The list of articles was decided here
phabricator.wikimedia.org/T120504
There's a page for a few categories, a very short article (Campus
honeymoon), a long one (Barack Obama).
As I mentioned in the task it is trivial to run the report with a different
sample set and I'm happy to if somebody has the interest to visualize a
different set of articles.
Adam for example in the task posted different sets of articles based on
other criteria like page views (
https://phabricator.wikimedia.org/T120504#1900287), it'd be interesting to
run those and see if the trends on navbox and reference sizes hold up.
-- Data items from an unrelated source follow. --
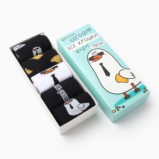 Для кого: Для мужчины. Назначение: Повседневная. В наборе, шт.: 5. Длина стопы, см: 27. Длина стопы, см: 29. Размер обуви: 41. Размер обуви: 42. Размер обуви: 43. Размер обуви: 44. Сезон: Всесезонный. Особенности: Классические. Тематика: Приколы. Вид упаковки: Подарочная коробка. Декоративные элементы: Без элементов. Рекомендации по уходу: Не отбеливать. Рекомендации по уходу: Стирка при 30 °С. Вид: С рисунком. Бесплатная доставка: Да. Наша разработка: Да.
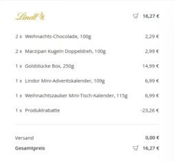 [Lindt] 75% auf Kalender / 50% auf alle Weihnachtsartikel + 70g Nikolaus for Free | VSK frei ab 15€ | Weitere 5%/10% ab 50€/100€ MBW.
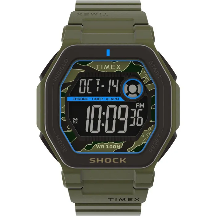 Experience the thrill of adventure with the Timex® Digital 'Command Encounter' Men's Watch TW2V93700, designed for those who live life on the edge. This robust timepiece features a striking rectangular green resin case that measures 45mm in length and 39mm in width, ensuring a bold presence on the wrist. With a thickness of 14mm, it not only looks powerful but is also built to withstand the rigors of your active lifestyle. The vibrant green dial, protected by durable mineral glass, displays essential information clearly, making it perfect for both casual and rugged settings. Enhanced with myriad functions such as a stopwatch, countdown timer, dual time display, alarm, and the reliable Indiglo light feature, this watch is engineered to accompany you on every journey. The comfortable 21cm plastic band extends to fit snugly around the wrist, with a width of 24mm and closed securely with a classic buckle clasp. With an impressive water resistance of up to 10 bars, this watch is ready for whatever adventures you embark on. Gear up with the Command Encounter and let it be the trusted companion that helps you keep track of your time against the backdrop of your adventurous life.Shop Timex TW2V93700 at Ormoda
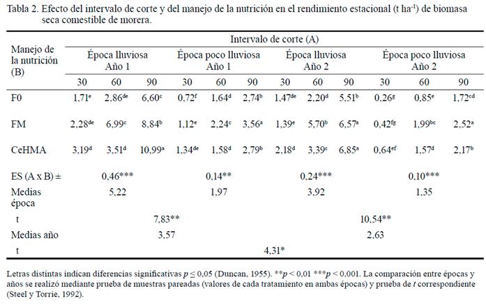 Indicadores del rendimiento de biomasa. Hubo efectos significativos de la interacción entre los factores intervalo de corte y manejo de la nutrición (tabla 2). Los mejores tratamientos en cualquiera de las épocas del año se asociaron con el intervalo de corte de 90 días, y ello obedece a que la morera describe una curva de crecimiento y desarrollo que puede alcanzar, en las edades de 90 a 105 días, el mayor rendimiento de biomasa (Pentón et al., 2007).
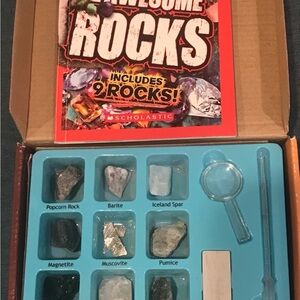 This educational toy includes 9 samples of real special rocks along with an educational book about different rocks and their formation.
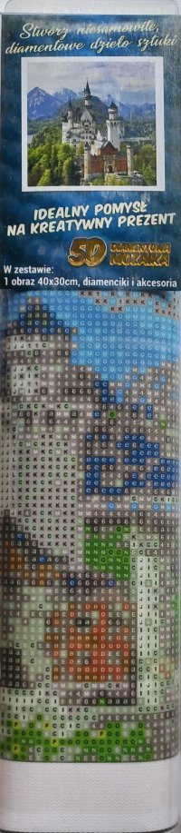 Balení obsahuje: plátno s předtištěným obrázkem, pero na aplikaci kamínků, misku na vysypání kamínků, vosk na nalepení, sadu barevných kamínků Diamantové malování - postup: Horní strana plátna je potažena lepidlem a překrytá průhlednou folií. Folii sundávejte postupně po částech tak, jak budete aplikovat kamínky. Při sejmutí celé folie najednou se může lepicí vrstva znečistit a kamínky by nemusely tak dobře držet. Plátno obsahuje znaky, které jsou uvedeny v přiložené legendě a odkazují na příslušný sáček s kamínky označený číslem. Kamínky z daného sáčku vysypejte do misky. Do hrotu pera naberte vosk, díky kterému se kamínky snadno přichytí na pero. Kamínky perem nanášejte na obrázek. Po nalepení dané barvy kamínky nasypejte zpět do sáčku a pokračujte s další barvou.
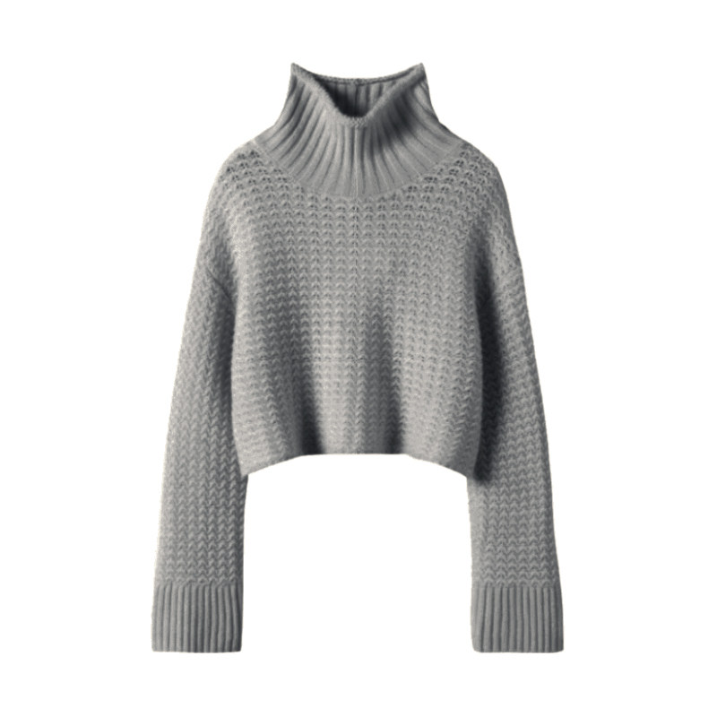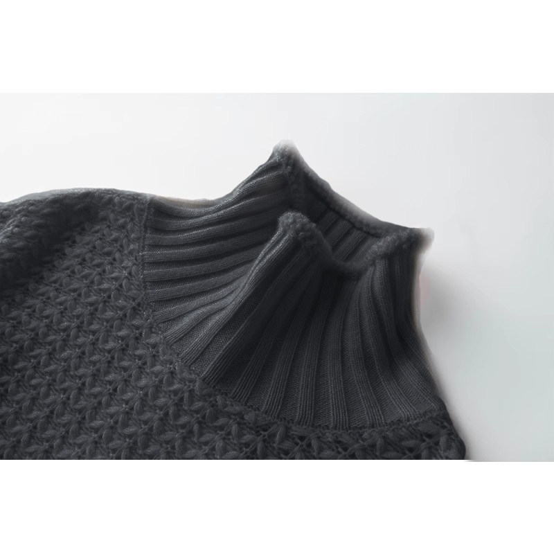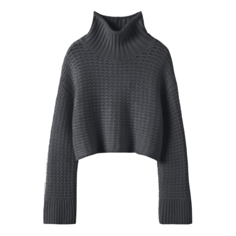 难得的好看!2025新款深灰色编镂空编织阔袖高领100%羊绒毛衣女
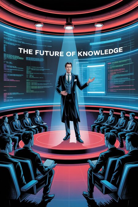 A cinematic digital illustration of а lecture taking place in a futuristic auditorium. A charismatic male lecturer in a tailored black suit stands confidently on a circular red stage bathed in focused spotlights, gesturing towards a holographic projection of complex data streams. The semi-circular auditorium is filled with diverse audience members seated in sleek LED-lit chairs, with neon blue accents highlighting the architectural design. Behind the lecturer, a massive curved screen displays abstract patterns and cascading code, adding to the polished cyberpunk aesthetic and immersive atmosphere.
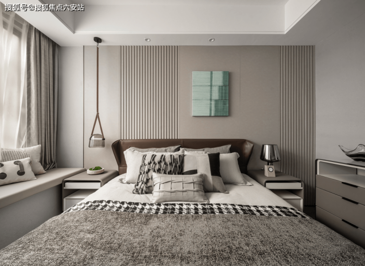 从公共空间进入私密空间,以简单去还原空间重要的定义,将单纯的功能性置入,静待与人形成各种积极的价值反应。主卧中,柔和的室内色调,格栅的硬包背景、皮质的家具与柔软的布艺,共同营造出舒适惬意的温馨环境。
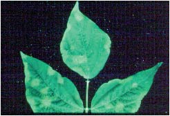- Figure 11. Yellow halo surrounding infection site on bean leaf typical of halo blight
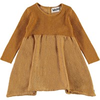 Cass is a knit baby dress in a golden colour. It has a rib top and a snap closure at the neck.
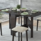 Transformer tables are on the market in a wide range. This is a design that can be folded out, and when assembled it looks quite compact, resembling a narrow pedestal, and saves space. However, when unfolding, a full-fledged table is obtained with a length of 1, 2, 3 or more meters, at which you can seat a family and guests up to 10-12 people.
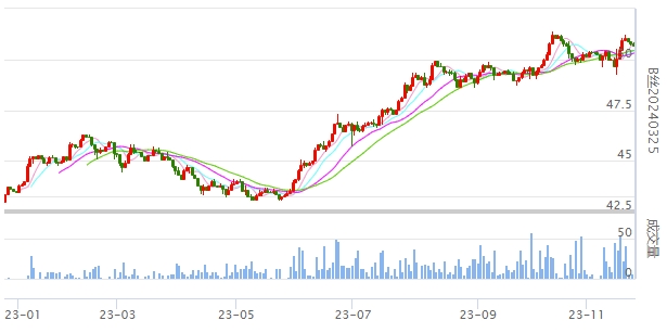 今日(2023年11月24日,周五)中國繭絲綢交易市場生絲指數(shù)收于4975.66點,本周生絲指數(shù)上漲0.39%。B絲(商檢4A級生絲):231225合約報平收于49.95萬元;240325合約下跌0.09萬元報收于50.70萬元;240925合約下跌0.15萬元報收于48.84萬元。今日盤面A絲部分合約價格繼續(xù)小幅上漲。
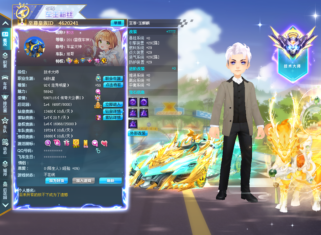 装备描述:最强仙兽麒麟+10,首辆228S车,全295️⃣四级至臻爆天甲、全295️⃣四玉麒麟,全293️⃣四至尊神奥丁、暴风雪全29双四级极光皮肤LV9、镇海敖丙、终极猛兽、M18疾影、全29准进阶40T2赵子龙T2圣天使T2白龙马、魔王雷诺全29单四,全29飞碟,原装至尊帝王,通天晓,原装爆天甲,大量A车各种体验,神笔牛牛+10。
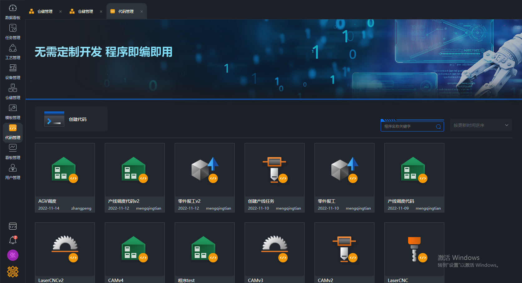 为防止上下料系统出现吸取多层板料问题,设备采用吸盘扳角+磁力分张+气刀吹气+测厚装置的四重保障方案。另外,料库系统配备防坠安全器及电机断电制动功能,预防料库升降机意外坠落。这些特别的控制装置和逻辑,都可以方便地在xFactory-FMS的低代码系统中脚本话设定,或者通过xFactory-FMS及时上报异常情况。
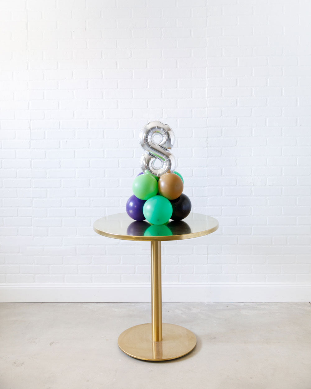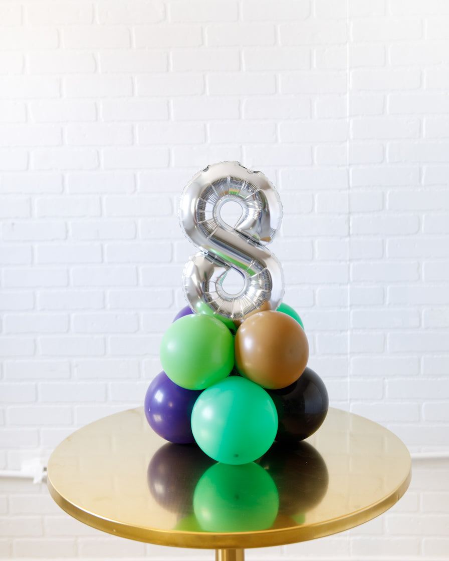 Dress up the table with a fun Minecraft birthday decoration. This easy table decor includes a silver number to celebrate any age and air filled latex balloons in bright shades for a fun Minecraft themed party.
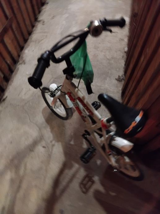 Biciklić prednja i zadnja kocnica,pune gume 12 inča, pomocni kotači, ispravan.
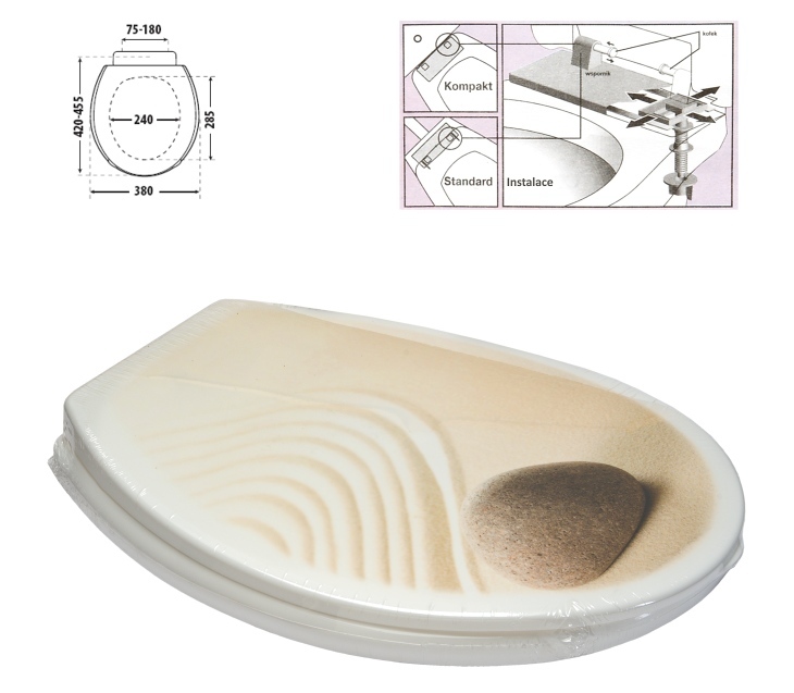 WC deska, sedátko nebo chcete-li prkénkno s krásným potiskem kameny vám zaručeně zpříjemní pobyt na toaletě. Sedátko je kompatibilní se širokou škálou standardních modelů toaletních mís od různých výrobců. Uchycení WC sedátka lze nastavit pomocí nastavitelných pantů. Materiál: kvalitní plast. Rozměry viz obrázek. V nabídce naleznete i další výrobky ve stejném designu.
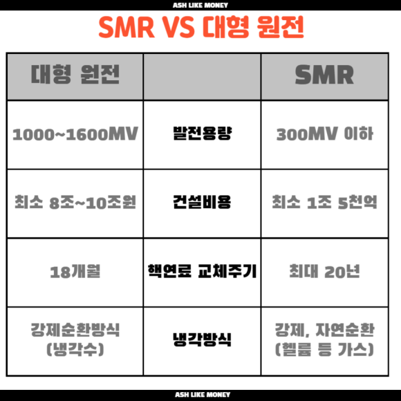 SMR은 탄소 배출도 거의 없으며 대형 원전 대비 뛰어난 안전성과 경제성을 갖추고 있다. 대형 원전보다 낮은 출력을 가지고 있어 외부 전원 없이 자연적인 물리 현상을 이용하는 계통을 사용하기에 훨씬 안전하다. 발전용량으로는 300MW 이하, 중요한 냉각방식도 자연순환 및 강제순환 방식으로 안전한 가스를 활용한다. 실제로 구글이 카이로스 파워와 손을 잡고 소형 원자로를 확보하였고 아마존도 SMR 스타트업 회사와 협업을 하기 시작했다.
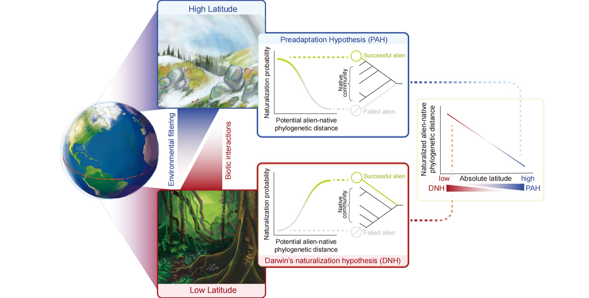 外来物种的归化正在以前所未有的速度改变着地球的面貌。探究哪些外来物种更容易成功归化和入侵,是入侵生态学力图解答的核心科学问题,也是保障国家生物安全的重要科学基础。围绕这个问题,达尔文于1859年在《物种起源》中提出了截然相反的两个假说,分别主张与本地物种亲缘关系近和远的外来物种更容易成功归化,这两个假说综合在一起被称为达尔文归化谜团。近年来,围绕这一谜团,生态学家在全球各地开展了大量的实证研究...

We're also thinking about running a similar report across a bigger dataset
in a more aggregated way, maybe the top 100.000 articles on pageviews with
the sizes weighted with the pageviews number to get a more global
understanding, but we haven't gotten around to it yet (it would be a new
more global, less per-page one).
On Jan 20, 2016 6:53 PM, "Federico Leva (Nemo)" <nemowiki(a)gmail.com>
wrote:
Joaquin Oltra Hernandez, 20/01/2016 16:55:
We've added Mediawiki parser content analysis
to the content analysis
report that the Reading web team performed last quarter.
Thanks. It would be useful to understand what your dataset is: I see 9
page titles, presumably fetched from the English Wikipedia. Is this your
dataset? How did you ensure it's representative of what users see?
Nemo